Of the eleven pictures painted by Murillo for this church, only six remain, the others having been carried off by the French. The subjects are “Moses striking the Rock,” the “Miracle of the Loaves and Fishes,” the “Charity of San Juan de Dios,” the “Annunciation,” the “Infant Jesus,” and “St John.” The first picture, depicting, as it does, the terrible thirst experienced by the Israelites, is known as La Sed (Thirst). Some critics think this is one of the finest of the master’s productions. As is usual in his compositions, the figures are all those of ordinary Sevillian types. “The personality of Christ in the ‘Miracle of the Loaves and Fishes,’” says C. Gasquoine Hartley, “lacks the force of the ancient prophet, and the work as a whole is inferior to its companion picture.” The “Charity of San Juan de Dios”—representing the Saint carrying a beggar with the help of an angel—is the best and most characteristic of the six paintings.

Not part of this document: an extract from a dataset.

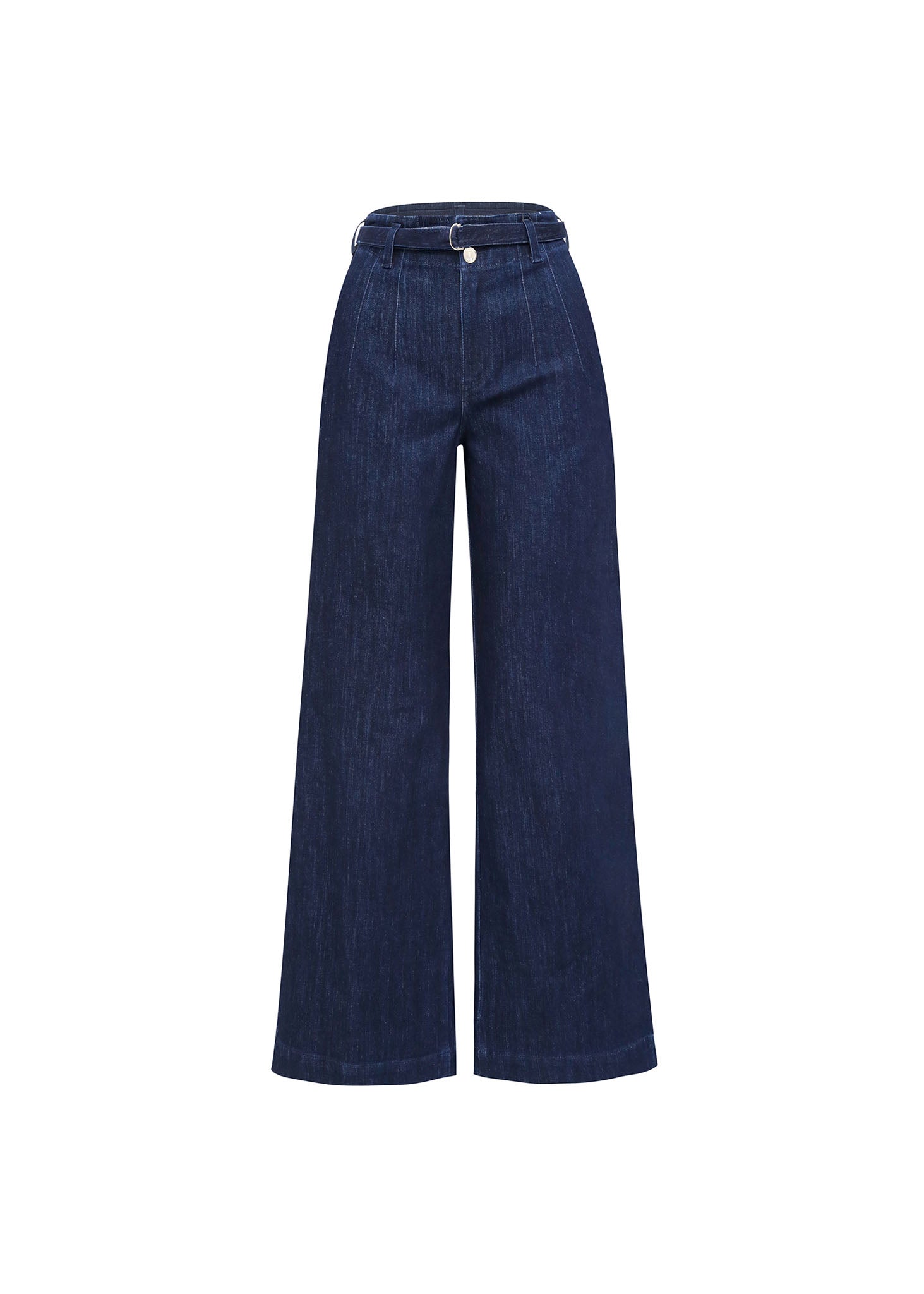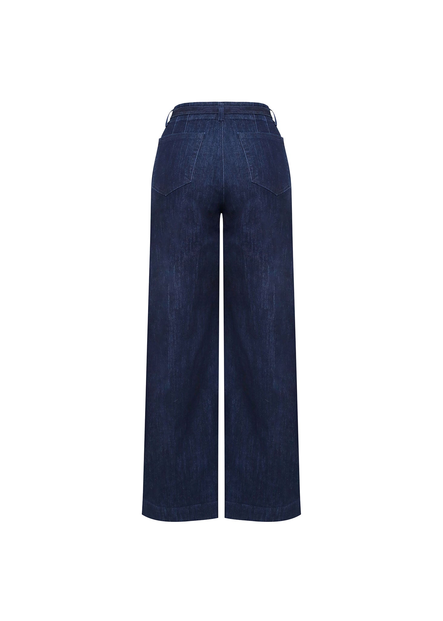 Eleva tu look al instante con estos espectaculares jeans. Su diseño se caracteriza por un talle extra alto que estiliza la cintura y alarga las piernas de forma dramática, y una pierna palazzo (ancha) que aporta un movimiento fluido y elegante. El denim de tono índigo profundo mantiene un acabado pulcro y sofisticado, ideal para vestirlos tanto de día como de noche. Incorporan un cinturón fino a juego con hebilla metálica para un ajuste perfecto y detalles de pinzas frontales que refinan aún más el corte. Son la alternativa perfecta a los pantalones de vestir.

The “Infant Jesus” and the “St John” are also very fine. For the “San Juan de Dios” and the “St Elizabeth of Hungary”—El Tiñoso—(now at Madrid) together, Murillo was paid 18,840 reals; for the Moses, 13,300 reals; and for the “Miracle of the Loaves and Fishes,” 15,973 reals.
The last building which may be said to rank as an architectural monument erected in Seville is the Palacio de San Telmo, now the residence of the Duc de Montpensier. In the year 1682 the Naval School of San Telmo was founded on the site of the former palace of the Bishops of Morocco and the tribunal of the Holy Office. The present edifice, begun, after plans by Antonio Rodriguez, in 1734, was not completed till 1796. The palace adjoins the beautiful gardens of the Delicias. The façade is exceedingly ornate, the decoration being in the Plateresco style. The general effect is pleasing, but critics have been unsparing in their denunciations of the structure. It certainly reflects the debasing influence of the architect Jose Churriguera (1665-1725), who has given his name (Churrigueresque) to one of the most tawdry and tasteless styles of architecture.